The quantum security research community has not engaged. No arXiv commentary, no cryptography mailing list responses, no working group discussion. Marin Ivezic published a detailed technical rebuttal identifying the same state-preparation and extrapolation problems. The Hacker News thread is uniformly skeptical.

This silence doesn’t prove the algorithm is wrong. It tells you that the people who spend their careers on quantum factoring don’t see a reason to revise their models.

Summary

ClaimThe RealityThe Catch
“11-hour runtime”Counts only the quantum period-finding phaseExcludes the classical pre-computation and amplitude encoding, which scale exponentially for RSA-2048
“5,000 qubits”Refers to logical qubits, not physical hardwareWould still require millions of physical qubits to survive noise at that circuit depth
“99% gate reduction”Observed on composites smaller than 17 bitsQNTT modular arithmetic is gate-heavy on real hardware; extrapolation to 2,048 bits lacks formal proof

What’s True Regardless

Algorithms do improve. Shor’s isn’t the last word on quantum factoring, and the QNTT substitution is a real idea worth exploring through proper peer review. Regev’s 2023 lattice reduction work demonstrates that algorithmic progress can compress quantum resource requirements — independent of hardware timelines. The question is always whether a specific claim survives independent validation.

Harvest-now-decrypt-later is happening today. Nation-state and criminal actors are collecting encrypted data for future decryption. PQC migration is urgent regardless of whether JVG or any other specific algorithm matures.

The recommended actions in the paper’s conclusion — inventory public-key usage, demand vendor PQC roadmaps, deploy crypto-agile architectures — are sound. They’ve been sound since NIST began its PQC standardization process. That the advice is correct doesn’t validate the alarm attached to it.

The Cost of Manufactured Urgency

Every manufactured crisis erodes the credibility that PQC migration actually needs. A paper that hasn’t survived peer review, issued by an institute that didn’t exist six months ago, authored by executives who sell PQC hardware, claiming “Cybersecurity Apocalypse” — this is how legitimate urgency gets turned into background noise.

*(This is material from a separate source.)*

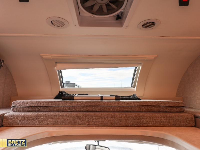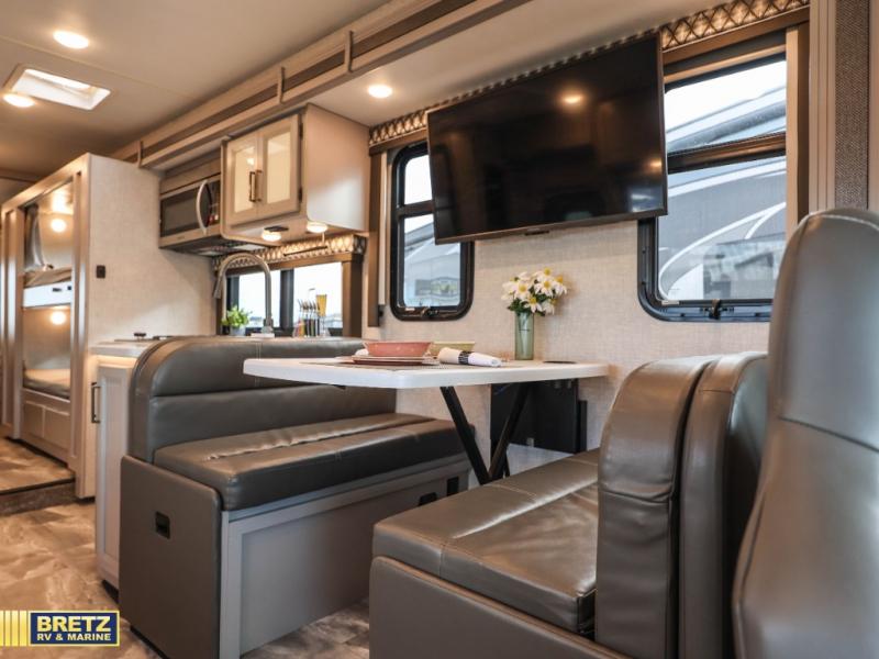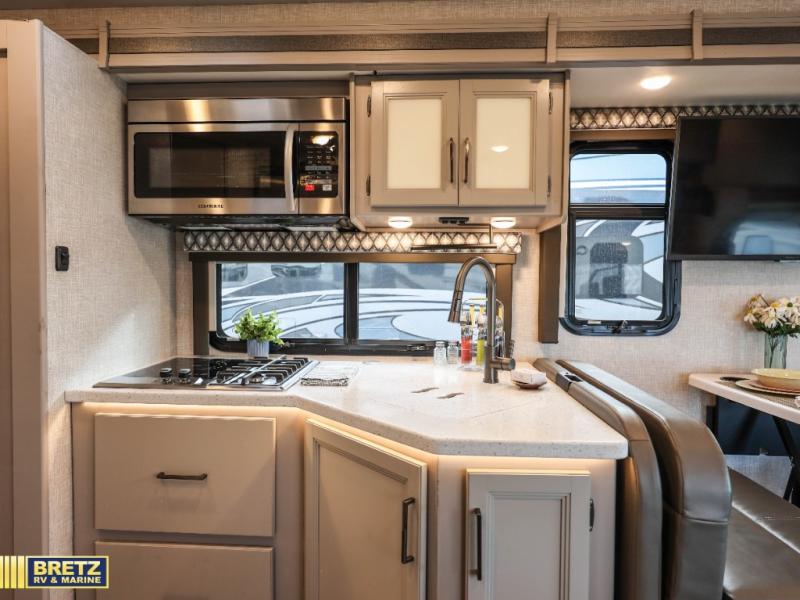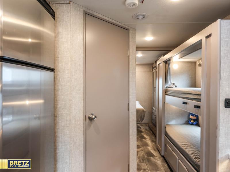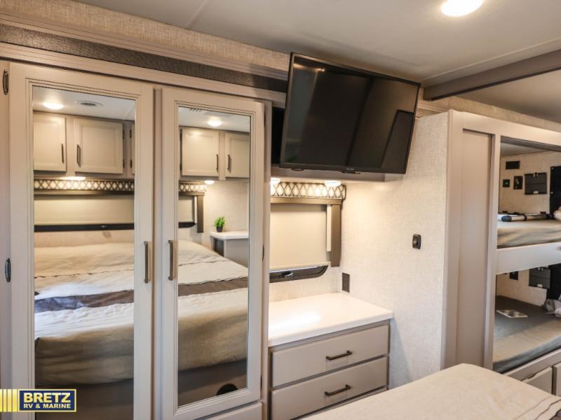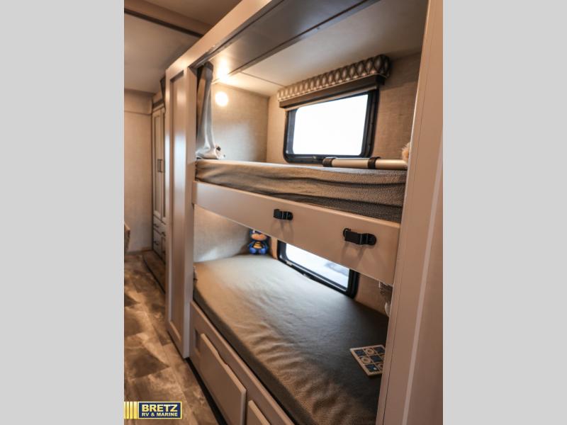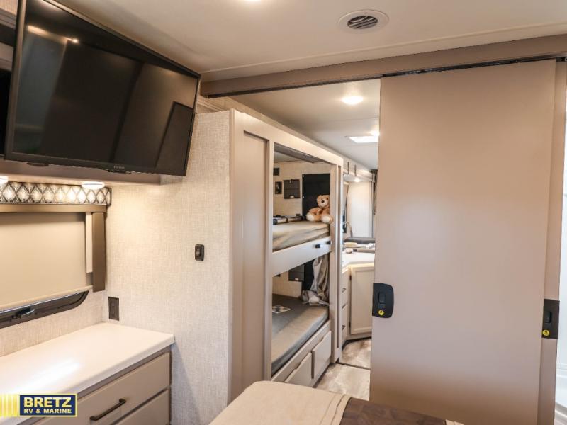 See the world on the open road with your family in this coach! Whether you travel while working, for enjoyment or both, the full-wall slide offers a spacious kitchen and living area as well as a rear bedroom. You can sleep on a queen bed and watch the 32" TV before falling asleep and the double entry bath allows easy access at night for you and the kiddos in the bunk beds in the hallway. The kitchen provides a refrigerator next to the pantry for convenience and a two-burner gas cooktop with a single induction cooktop, a convection microwave, plus a stainless steel sink. Everyone can dine at the Dream dinette, the jack-knife sofa or outside under the awning. There is more to enjoy such as the cab overhead bunk with a skylight, or enjoy watching the exterior 32" TV while enjoying the weather.

The quantum threat to classical cryptography is real. CNSA 2.0 timelines are real: software and firmware signatures by 2027, most systems by 2030, full deprecation of legacy algorithms by 2035. BSI TR-02102 requirements are real. The G7 Cyber Expert Group roadmap is real. These deadlines were set by people with no PQC products to sell.

The question that matters is not whether RSA will eventually fall. It will. The question is whether your organization is making measurable progress replacing it — and whether that progress is keeping pace with published deadlines. That’s a trajectory problem, not a headline problem. Trajectory is what you should be measuring.